● **Information shown**:
══════════
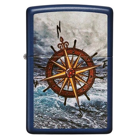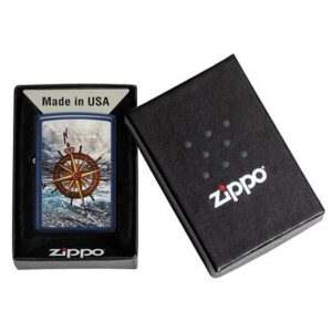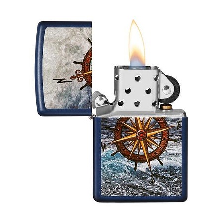 Zippo Compas Designe 49408 teget plave je boje, sa slikom mora i kompasa. Kompas nije samo navigacioni instrument za orijentaciju, već nosi i jaku simboliku. Ona između ostalog predstavlja važnost praćenja svojih snova, ne odustajanje, i nalaženje mirne luke. Ukoliko nekome želite da nađe svoj put, ovaj Zippo model je savršen poklon. Možda postane i amajlija.
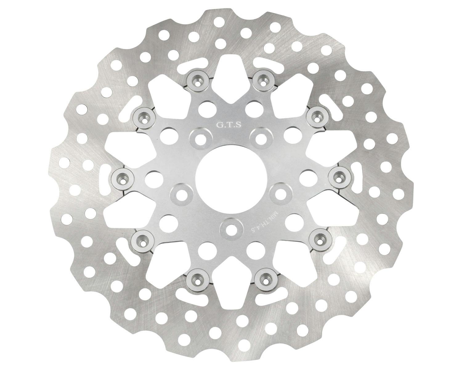 GTSのフローティングディスクローターです。 アウターローターがウェーブカットされている為、 見た目も制動力もアップ! フローティングローターはリジット固定に比べ、 ロータに生じる車軸方向の応力が軽減されるため、熱変形が抑えられる他、 ハブやホイールに伝わる熱を軽減させるなど、メリットが豊富です。 レーザーカット加工で精密に仕上げられ、 軽量化のためインナーとコネクトピンはアルミが使われています。 |
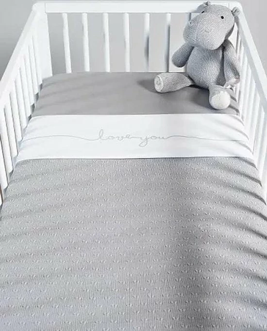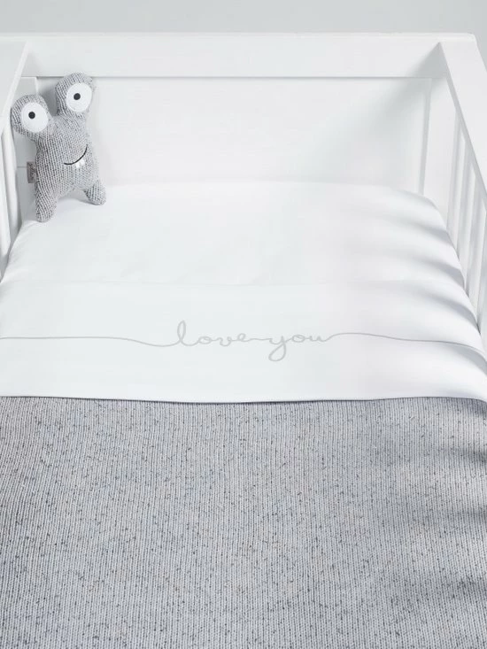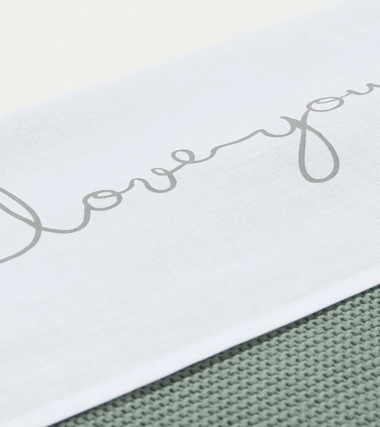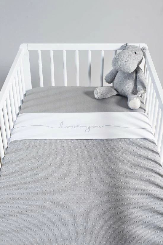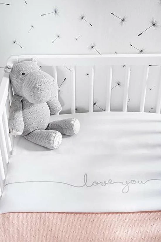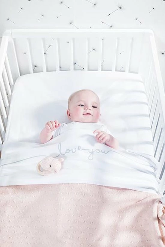 Met een wit lakentje kun je het bedje van jouw baby veilig, kort en strak opmaken. Door de zijkanten van het lakentje onder het matrasje te stoppen, slaapt jouw kleintje niet alleen veilig, maar heeft het ook een geborgen gevoel. Dit lieve lakentje met de tekst ‘love you’ past perfect bij de dekens uit het Basic knit thema en het Bliss knit thema van Jollein.
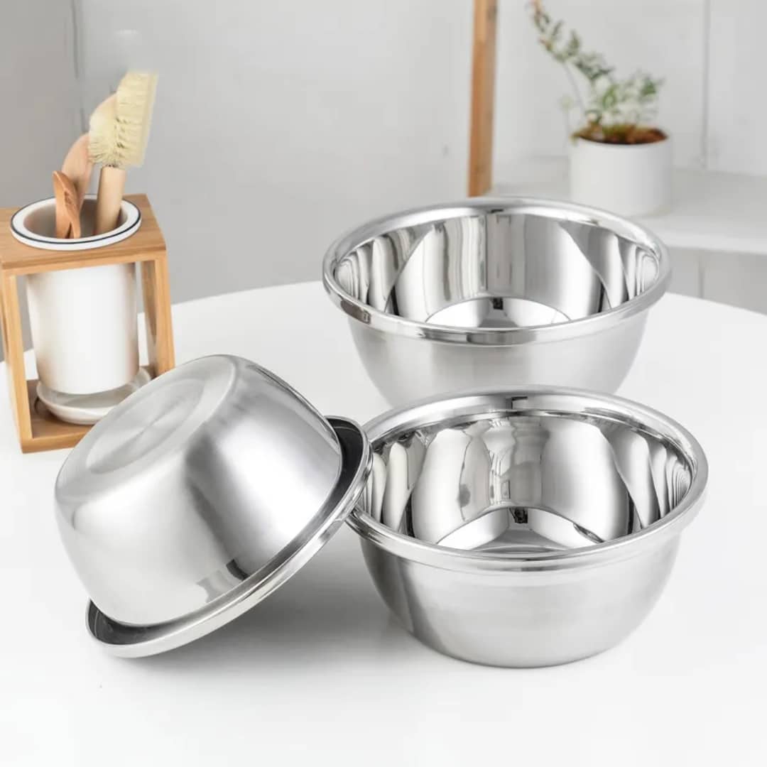 اختَر الأفضل مع المطيبة المصنوعة من الستانلس ستيل الأصلي، بتصميم عميق وعصري يناسب مختلف احتياجات الطبخ والتحضير. تأتي بعدة مقاسات لتمنحك مرونة مثالية في الاستخدام، سواء للعجن، الخلط أو التقديم.
══════════
● **Exercise aim**: The line with "Met een wit" marks the start, and the last line of the material marks the end. Reproduce exactly those two lines and every line between them, without the pictures.

● **Written response**:
 Met een wit lakentje kun je het bedje van jouw baby veilig, kort en strak opmaken. Door de zijkanten van het lakentje onder het matrasje te stoppen, slaapt jouw kleintje niet alleen veilig, maar heeft het ook een geborgen gevoel. Dit lieve lakentje met de tekst ‘love you’ past perfect bij de dekens uit het Basic knit thema en het Bliss knit thema van Jollein.
 اختَر الأفضل مع المطيبة المصنوعة من الستانلس ستيل الأصلي، بتصميم عميق وعصري يناسب مختلف احتياجات الطبخ والتحضير. تأتي بعدة مقاسات لتمنحك مرونة مثالية في الاستخدام، سواء للعجن، الخلط أو التقديم.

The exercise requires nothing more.